His willingness to confront hypocrisy, self righteousness and empty ritual became such a threat to those entrenched that they killed him and they thought they had gotten rid of him. but God had other ideas and God confirmed that this One was the messiah, the one sent from God. Now 2 billion human beings join us tonight in celebrating his birth, the birth of the light of the world. Especially during this season, we try our best to live by his teachings of kindness and forgiveness, unselfishness and generosity, and compassion for every person.
We, who identify ourselves as followers of the way, followers of His way, try our best to live this way all year long, but we work on it especially in the month that we celebrate his birth.
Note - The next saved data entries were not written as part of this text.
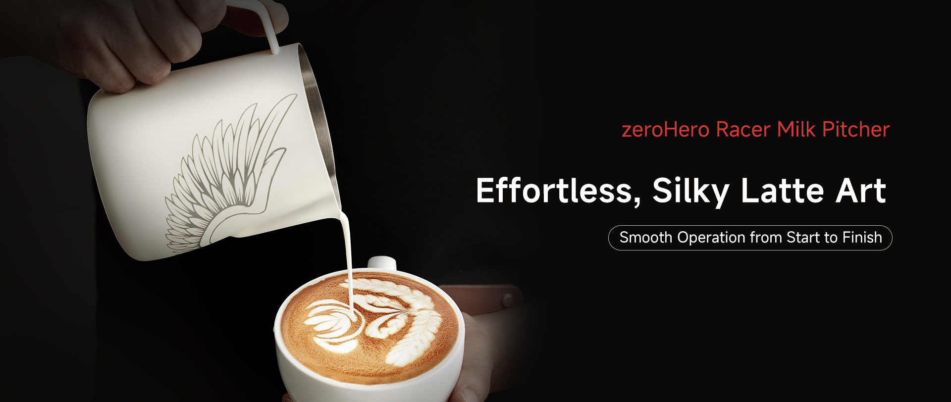 Dual V-Shaped Flow Grooves Smooth and Stable Latte Art Flow Large V-spout gathers the required milk volume for easy flow Small V-spout controls flow rate for more detailed latte art designs
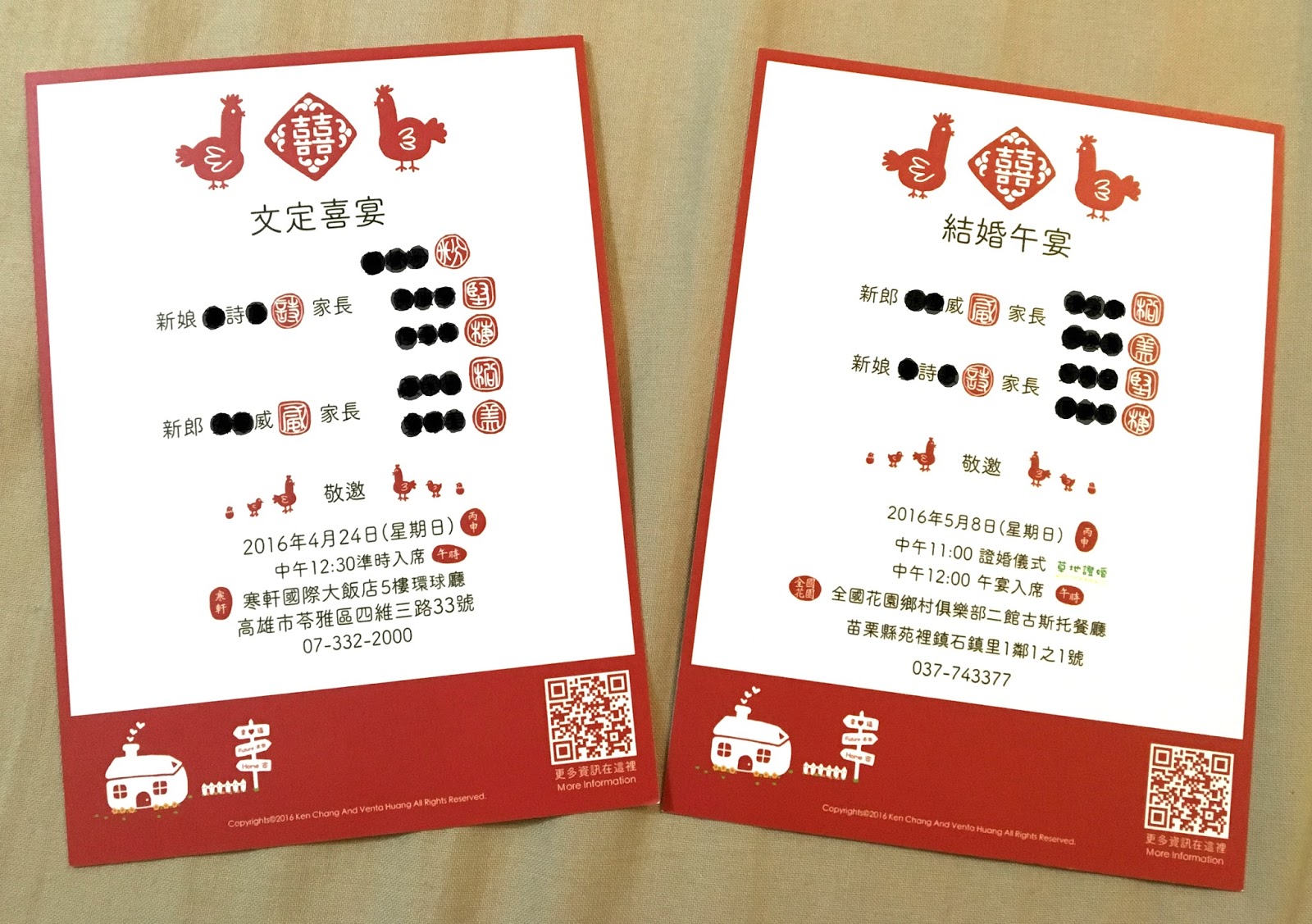 二來每次收到這種喜帖我都要看好久才能理解到底誰跟誰要結婚? (原諒我有文字障礙...)
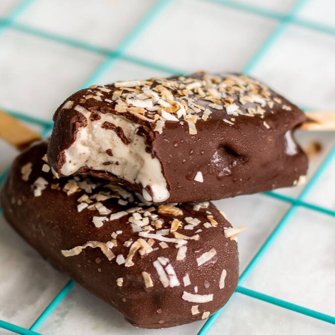 Picolé sem açúcar de coco queiamdo coberto com capinha crocante de chocolate 50% e flocos de coco
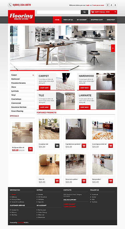 Template Name: Online Flooring Store Item number: 44052 Template Type: OpenCart Author: Mercury Downloads: 3 OpenCart Engine: 1.5.5.1 OpenCart Compatibility: 1.5.5.1 Sources Available: .PSD;.PNG;.PHP;.TPL;.JS Software Required: Adobe Photoshop CS+;Apache Server;Adobe Dreamweaver 8+ (or any php-editor);For uncompressing a template ZIP ...
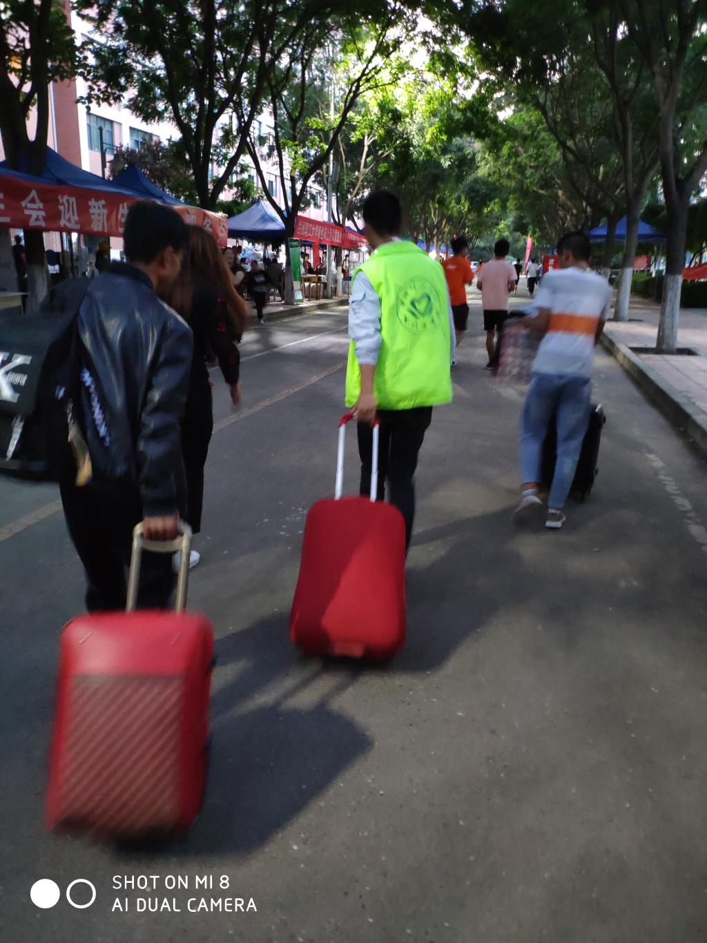 為了讓新生及家長對接待和安排的百分百的滿意,協會制定了詳細的入學安排作為指引輔助,志愿者站在體育館門前,接應下車的新生,全程陪同新生報名,以確保迎新工作順利完成。志愿者們帶領新生及家長,領取家校聯系卡、家長一封信和家長會邀請函,登記聯系電話,領取報道聯和住宿聯,出示錄取通知書、書費單據和學費代扣代繳單據,引領他們報道注冊,領取學生卡。迎新工作如火如荼,到處都是忙碌的身影。志愿者們不厭其煩的回答新生及家長提出的各種問題,主動幫助他們從放行李,提供熱水,新生們細聲叫著學長學姐,老生們也開心的介紹這介紹那。在迎新高峰期,人頭攢動,秩序井然。

What if, what if we could keep it going? What if we could live more like him into the New Year for a while longer?
What if we can keep inviting others, as his first followers did? What if we can invite others to come and see that we think we have found the one who is the guide, THE Teacher, the Savior who can save us from our empty feelings that make us say, “Is this all there is?”
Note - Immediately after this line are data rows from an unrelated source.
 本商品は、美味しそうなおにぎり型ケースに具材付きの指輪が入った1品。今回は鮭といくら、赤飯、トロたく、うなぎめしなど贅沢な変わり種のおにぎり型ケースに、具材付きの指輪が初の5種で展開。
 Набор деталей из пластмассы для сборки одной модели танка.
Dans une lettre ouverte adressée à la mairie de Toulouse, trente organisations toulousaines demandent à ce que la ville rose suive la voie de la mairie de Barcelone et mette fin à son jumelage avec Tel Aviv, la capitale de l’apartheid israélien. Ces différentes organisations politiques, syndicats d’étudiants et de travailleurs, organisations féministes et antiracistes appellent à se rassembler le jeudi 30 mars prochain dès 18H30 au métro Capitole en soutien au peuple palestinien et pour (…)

What if we can live the words of the old hymns that were the favorites of Martin Luther King: Precious Lord Take my Hand and lead me on, lead me on to the best life possible. Or the other hymn, Just a Closer Walk with Thee—a closer walk.
Can we celebrate this spirit of Christmas as a way of living, celebrate it past December 25?
A few years ago it was the day after Christmas. People were going back to work. The bus was picking up some workers with disabilities and taking them to work. One of the men on the bus began to sing quietly, “Silent night, holy night.”
One of the other bus riders shouted, Be quiet. That was yesterday. That’s all over now.
Someone else nearby, someone perhaps, wiser, said softly, O no. It’s not over. It’s just beginning.
Is that true? Can we make that true this Christmas?